Lions Gate Home Entertainment
Cast: Jessica Alba, Alessandro Nivola, Parker Posey
Extras: Featurettes, Deleted Scenes, Theatrical Trailer, Digital Copy
Originally, "The Eye" was an Asian horror film that was actually quite successful in its own right, and with this new American version we actually have a film that is written and directed by a couple of French filmmakers named David Moreau and Xavier Palud. They bring their stylish sense of mood to what would otherwise be another disastrous entry in the horror genre of a film that never should have been re-made.
A beautiful and young concert violinist named Sydney Wells (Jessica Alba) was blinded in a childhood accident, but when a new procedure called an eye transplant is performed on her, she starts to see things that shouldn't be as well as having some disturbing nightmares literally from the moment her bandages come off. Having her sister Helen (Parker Posey) come in from out of town to help her readjust doesn't really help matters.
Convinced she must be losing her mind when several bizarre hallucinations involving people long deceased and creatures from the spirit world who escort them after they pass on, she pleads with her specialist physician Dr. Paul Faulkner (Alessandro Nivola) to tell her where the donor of the eyes is from. Although it is against the rules, he decides to help her anyway, and they travel to Mexico to track down the donor, and what they discover is a secret best left alone.
Although the film does have an effectively creepy atmosphere and features a couple of thrilling sequences, it doesn't really stand out even for a re-make and is really eventually pretty forgettable. The performances are simply adequate, although Alba proves that she can do horror effectively. Thankfully, the film didn't have any creepy little Asian zombie girls twitching away like music video extras and stalking the main characters.

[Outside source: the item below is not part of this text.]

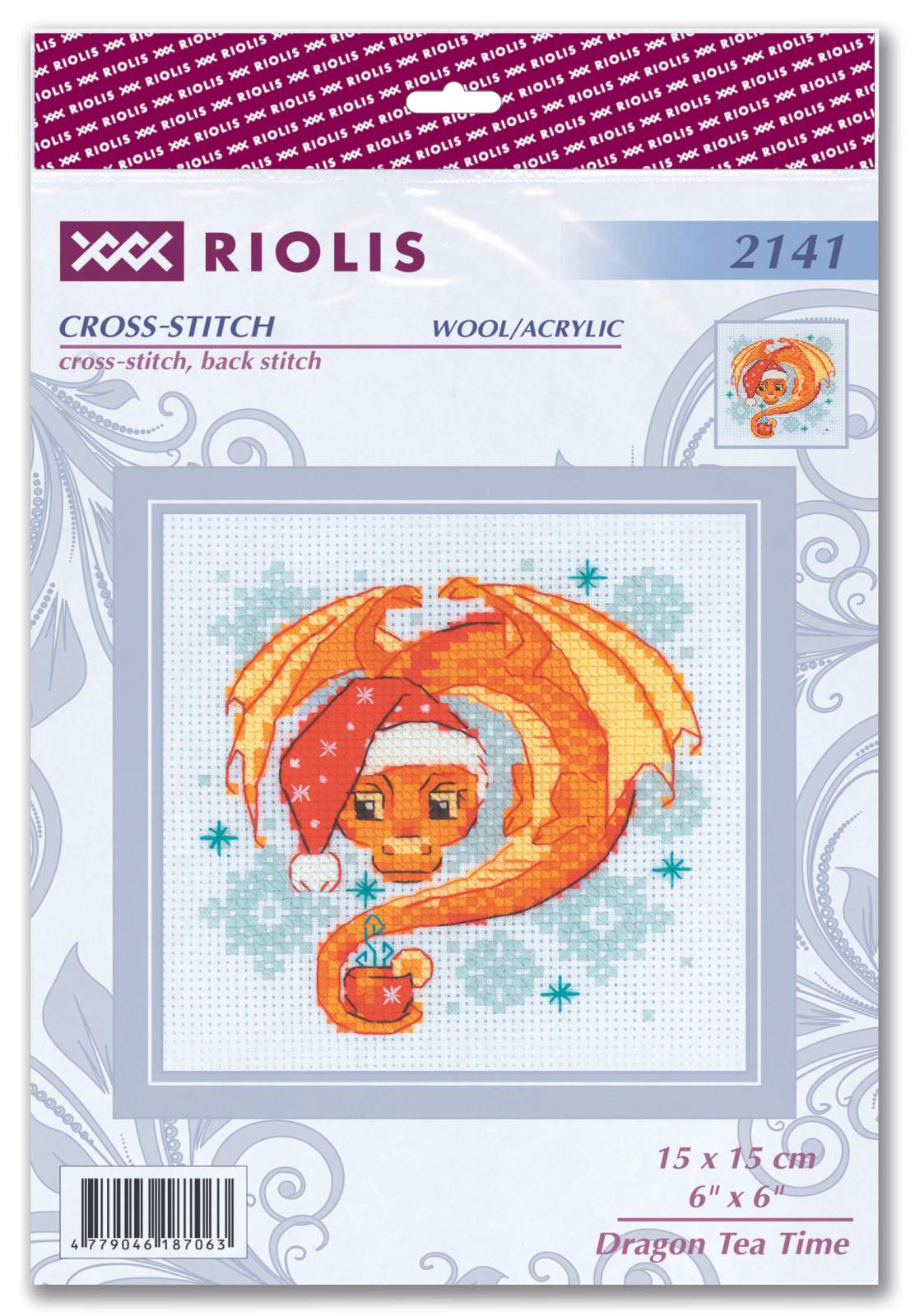 Add whimsical holiday magic to your stitching with the 2141 Dragon Tea Time Cross-Stitch Kit from RIOLIS. This playful design shows a bright orange dragon enjoying a quiet winter moment. Wearing a red Santa hat and holding a steaming cup of tea, the dragon feels both charming and cozy. Soft blue snowflakes float around, adding a magical winter atmosphere to the scene.

Instead we have digital creatures from the spirit world.
The transfer is actually quite solid on this Blu-ray release, featuring some very effective uses of shadow and black levels that are also quite effective. The details are always very sharp and the images often pop off the screen. Featuring an aspect ratio of 2.35:1, the film simply looks great in 1080p, as it should, being a brand new release of a new film. The scenes of horror and mayhem are also quite effectively reproduced and certainly hold up very well. I also didn't notice that edge enhancement became an issue, and fans of the film will find this Blu-ray version is the version to own.

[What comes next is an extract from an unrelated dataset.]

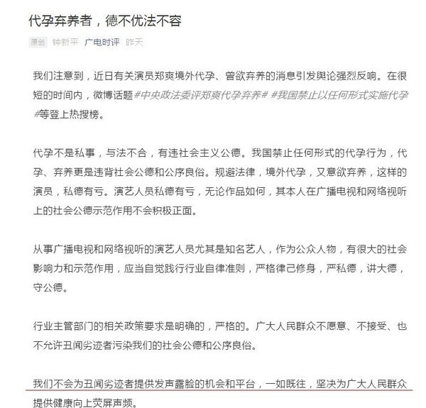 虽然舆论沸沸扬扬,但郑爽在前天的回应中对代孕和弃养绝口不提。而这一行为更是引起了众多网友的愤怒。在接连受到官媒谴责、广告商取消合作、华鼎奖取消荣誉称号下,广电时评也在平台上刊发,称不会给郑爽发声露脸的机会!这也意味着,郑爽真是被封杀了!

The sound arrives with a very boisterous sounding English 7.1 DTS HD Master Audio that rocks the house; but be warned, this is another one of those films where things go from quiet to loud very quickly and it can be a little jarring, to say the least. Featuring a very wide sound field the surrounds are utilized quite effectively. We also get plenty of low end from the subwoofer, and the filmmakers used the soundtrack to disturbing effect during a couple of key sequences. The music is also very well balanced and the dialogue is very clean sounding and always audible. All in all, a very impressive track.
Most of the special features are in high definition, which is always a plus, although they are standard fare, as expected. The only feature that is in Standard Definition are the 'Deleted Scenes', which features eight scenes, none of which offers any extra special effects or anything very interesting at all, you can certainly see why they ended up on the cutting room floor.

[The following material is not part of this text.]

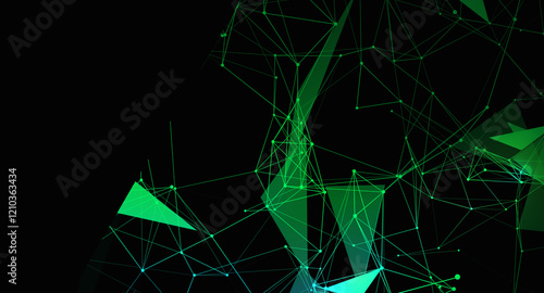 Abstract Digital Network with Green Lines and Triangles on Black Background

'Shadow World: Seeing The Dead' is an oddity. It runs about nine minutes and features Alba and the makers of the film as they inform us on some very strange case histories about eye transplants with some very strange outcomes. Very strange indeed, especially since I had never heard of this phenomena.
'The Eye: An Explosive Finale' runs about six minutes and follows the making of the final climactic scene, pretty interesting if you are into explosions and how they are done on a film set.
'Becoming Sydney' features Jessica Alba explaining how she prepared for her portrayal of a blind woman, and 'Birth Of A Shadowman' is a very short feature on the evil menace featured in the film. We also have a digital copy of the film on a second disc, for those of you who would like to carry the film in your pocket on a portable device, a feature I quite like.
While "The Eye" may not break new ground, perhaps die hard fans of the genre may consider this a rental, otherwise this film may be something you may want to pass up, although the Blu-ray certainly recreates the theatrical experience quite effectively.